Supervised learning method for PPI prediction

Support vector machines

Support vector machines, developed by Vapnik, (1963); (Cortes and Vapnik, 1995), build the best hyperplane to separate training sample classes by a maximal margin, with all positive samples lying on one side and all negative samples lying on the other side. Hyperplane, in the framework of a PPI network, will classify the protein pairs as a binary problem. Protein pairs serve as input, and it classifies if an interaction is possible or not.
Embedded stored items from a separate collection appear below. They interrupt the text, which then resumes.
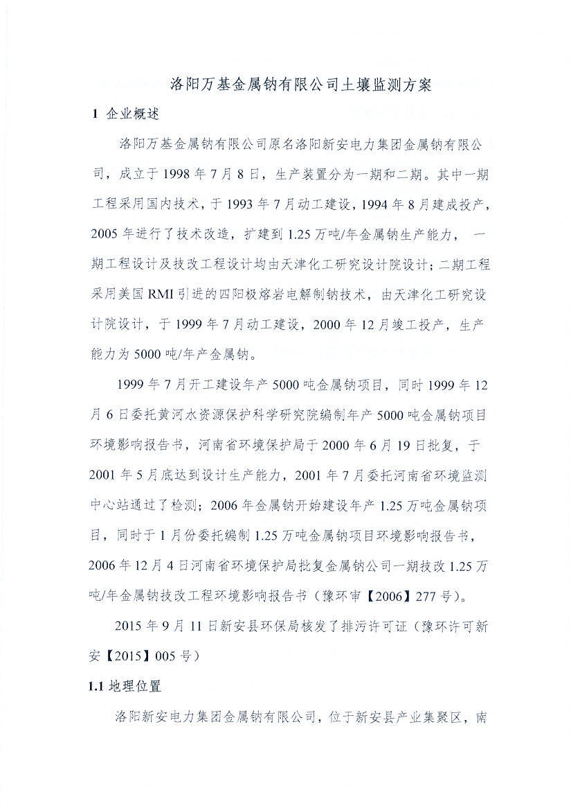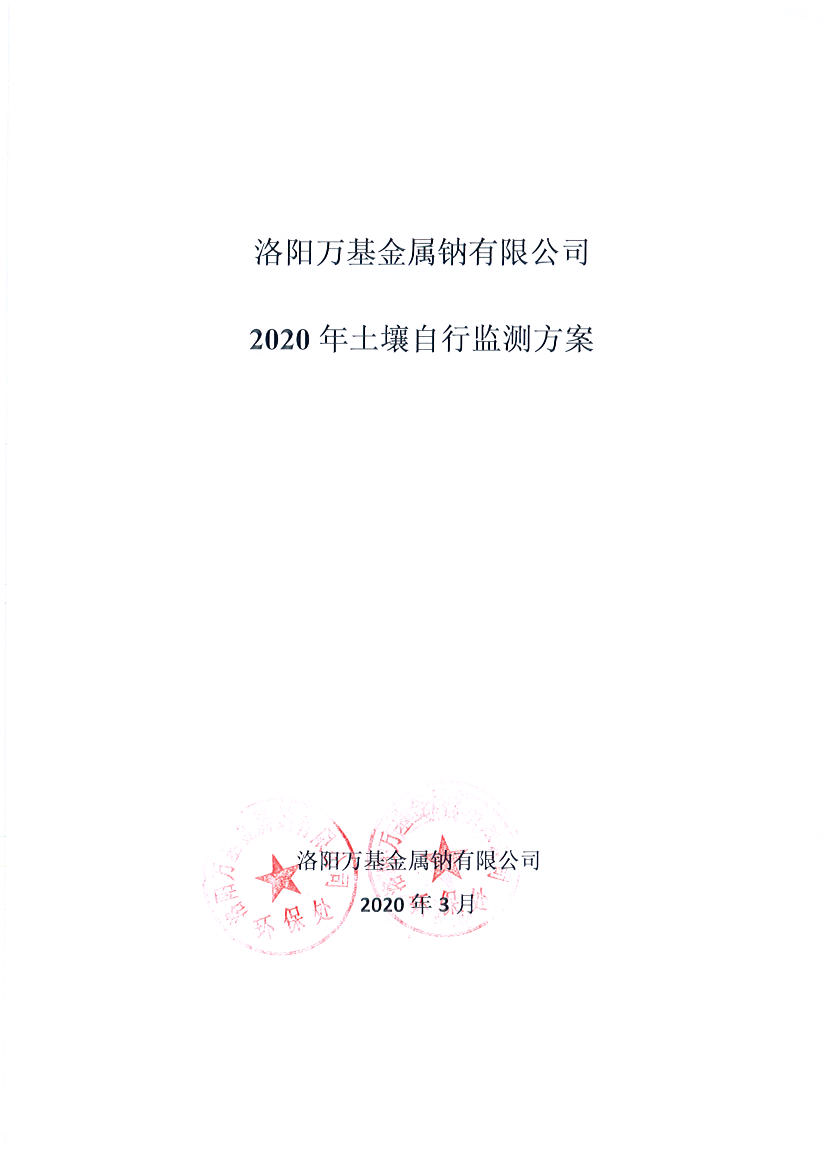 洛陽(yáng)萬(wàn)基金屬鈉有限公司2020土壤自行監測方案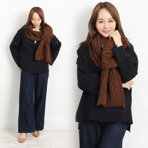 立体感のある柄編みはサッと巻くだけでニュアンス感をプラス。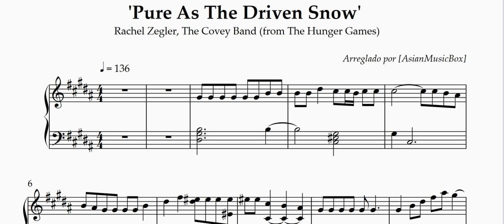 #39 Pure As The Driven Snow #39 (The Hunger Games) Piano Sheet Music / MIDI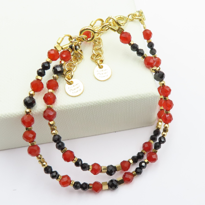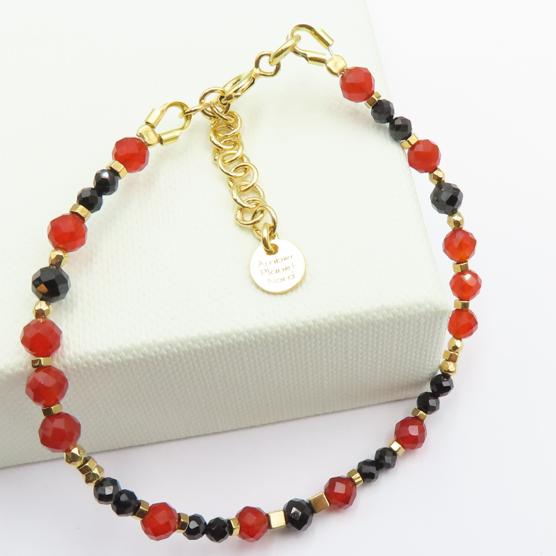 Bransoletka z miksem kamieni naturalnych łączy głębokie, eleganckie barwy turmalinu, spinelu i czerwonego onyksu z połyskiem złotego hematytu. Całość ma nowoczesny, biżuteryjny charakter: drobne kamienie tworzą subtelny rytm kolorów, a złocone akcenty dodają wrażenia lekkości i wyrafinowania.

Protein pairs that are close to the hyperplane are called support vectors and predict an interaction between that pair of proteins (Sarkar and Saha, 2019; Chakraborty et al., 2021). Ma et al. (2020) developed a method called ACT-SVM for predicting PPIs. This model maps protein sequences to numerical features. Extraction of numerical features is performed twice on the protein sequence to obtain two vectors: a vector and descriptor CT (composition and transformation) are combined to form a single vector. Feature vectors of a protein pair will be the input of the SVM. The closer these feature vectors of a pair of proteins are to to hyperplane, the higher the probability of an interaction between these proteins. Dunham and Ganapathiraju, (2021) benchmarked different PPI prediction algorithms, and show how well they perform on realistically proportioned datasets. Based on verified interactions and a known false interaction rate, 16 datasets using the SVM method are generated. Accuracy values ranged from 51 to 96%, which highlights false interactions predicted or not predicted by the SVM methods.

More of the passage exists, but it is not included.